According to the Russian River Valley Winegrowers, 42 percent of the grapes harvested in the region are Chardonnay, while 29 percent are Pinot noir. While the region is predominantly associated with Chardonnay and Pinot noir, hillside vineyard locations have shown success with other varieties such as Syrah and Zinfandel. Within the AVA there are several microclimates that allow for suitable plantings of Sauvignon Blanc, Gewürztraminer, Petite Sirah, Cabernet Franc and Merlot. In warmer areas of Chalk Hill there have been successful plantings of Cabernet Sauvignon. Even for these non-Burgundian varietals, the nature of the Russian River Valley's cool climate can be seen in the wine. For example, Russian River Merlots tend to have distinctive tea-like note and Zinfandels tend to exhibit more tart red fruit than Zinfandels from the warmer Dry Creek Valley. While Sauvignon Blanc from the region tend to be slightly less "grassy" they still tend to exhibit herbal and citrus lime aroma. Despite its close proximity, the Russian River AVA produces Chardonnays that are dramatically different from those found in the Alexander Valley AVA. The region's cool climate produces more grapes with higher acidity that tend to be more balanced than the fatter, creamy style found in the Alexander Valley.

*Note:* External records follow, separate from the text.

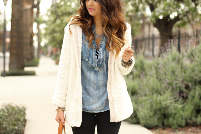 Today I am sharing an outfit I've been wearing a lot lately. Casual outfits have been my go to with the cold and gloomy weather. Layers have been my best friend, since it seems to rain everyday (seriously over the sudden showers). Anyhow, this weekend was just cloudy and rainy so I opted for a wearing these pieces that are above all comfortable. I wore this jacket recently to Mammoth too, and it's like wrapping your self in a warm blanket. I high recommend this one!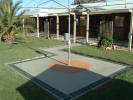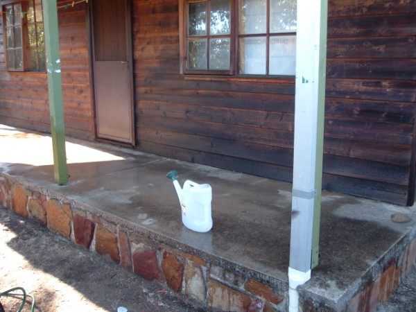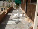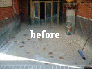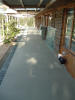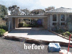 Base coat is sprayed in neutral colour after extensive repairs had been carried out, the main design is a custom taped tile design on a 45° angle in Sahara colour, with a Heritage Green border along the gutter. The slate steps also came up a treat with a High Pressure clean, and a couple of coats of sealer.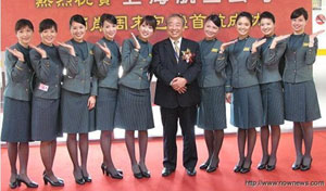 臺(tái)灣長榮與立榮航空每次記者會(huì)總會(huì)亮相的空姐美女。臺(tái)灣東森新聞?dòng)浾唿S志偉攝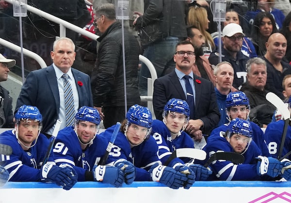 Toronto Maple Leafs head coach Craig Berube watches his team play against the Montreal Canadiens during at Scotiabank Arena in Toronto, on Nov. 9.Nick Turchiaro/Reuters
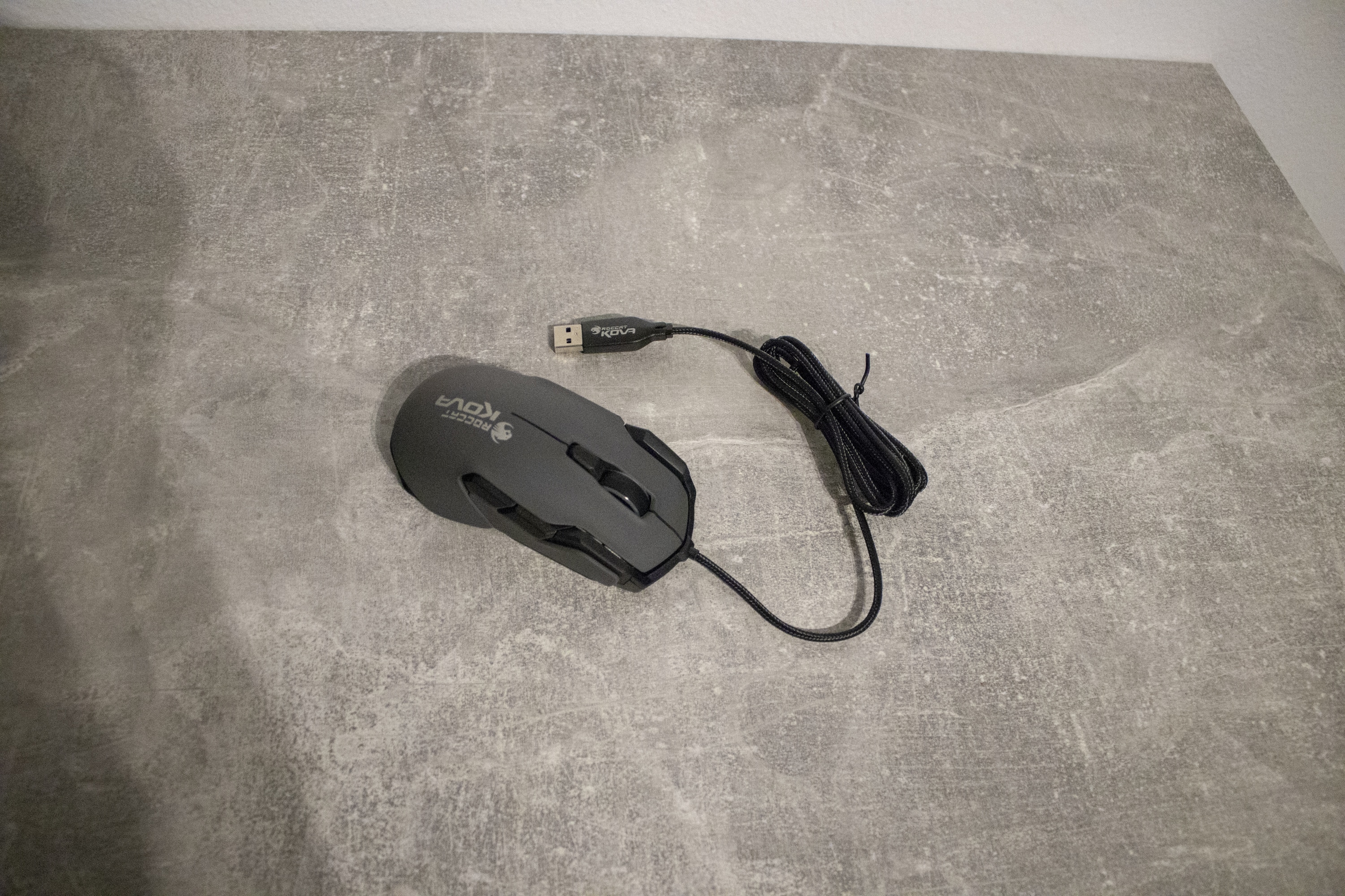Der Lieferumfang fällt, wie man es bei einer Gaming-Maus erwarten kann, sehr schlicht aus. Neben der ROCCAT Kova befindet sich noch eine Schnellstartanleitung in der Verpackung. Letztere fällt leider etwas größer aus als nötig gewesen wäre. Das 1,8 Meter lange und ummantelte Kabel ist zusammengefaltet und benötigt etwas Aufwand, um die „Knickspuren“ zu entfernen.

Grapes from the Russian River and smaller Green Valley areas have been prized by sparkling wine producers for their crispness and high quality.

===Pinot noir===
As of 2008, the Russian River Valley accounted for nearly 19% of all the Pinot noir plantings in California and 10% of all grape varieties planted in Sonoma County. Older clones planted in the mid to late 20th century, including the Martini, Swan, Pommard, and 115 clones, produced a "classic" style of Russian River Pinots that were characterized by vibrant (but pale) color, lively acidity, cherry and berry fruit flavors and delicate aroma that would often include earthy mushroom notes. While that style had it share of fans, the lack of coloring would be a factor in poor score wine ratings from wine critics. In response to these poor scores, some Russian River winemakers altered their techniques in order to enhance the color. These techniques ranged from blending in the darker color Alicante Bouschet and Syrah or the red wine concentrate known as "Mega Purple", to extended maceration and oak extraction that added more weight and extraction of phenolic compounds that add color to the wine. Other winemakers altered some of their viticultural practices in the vineyards, including adopting new trellising systems that allowed for more leaf removal which exposed the grapes to more sunlight. In addition to enhancing some of the color producing phenols, the new trellising also served to increase sugar content (and subsequently alcohol levels) and decrease the amount of the green tasting pyrazine compounds found in the grapes. The style of Pinot noir produced from these techniques tend to be heavier, more full bodied and almost "Syrah-like".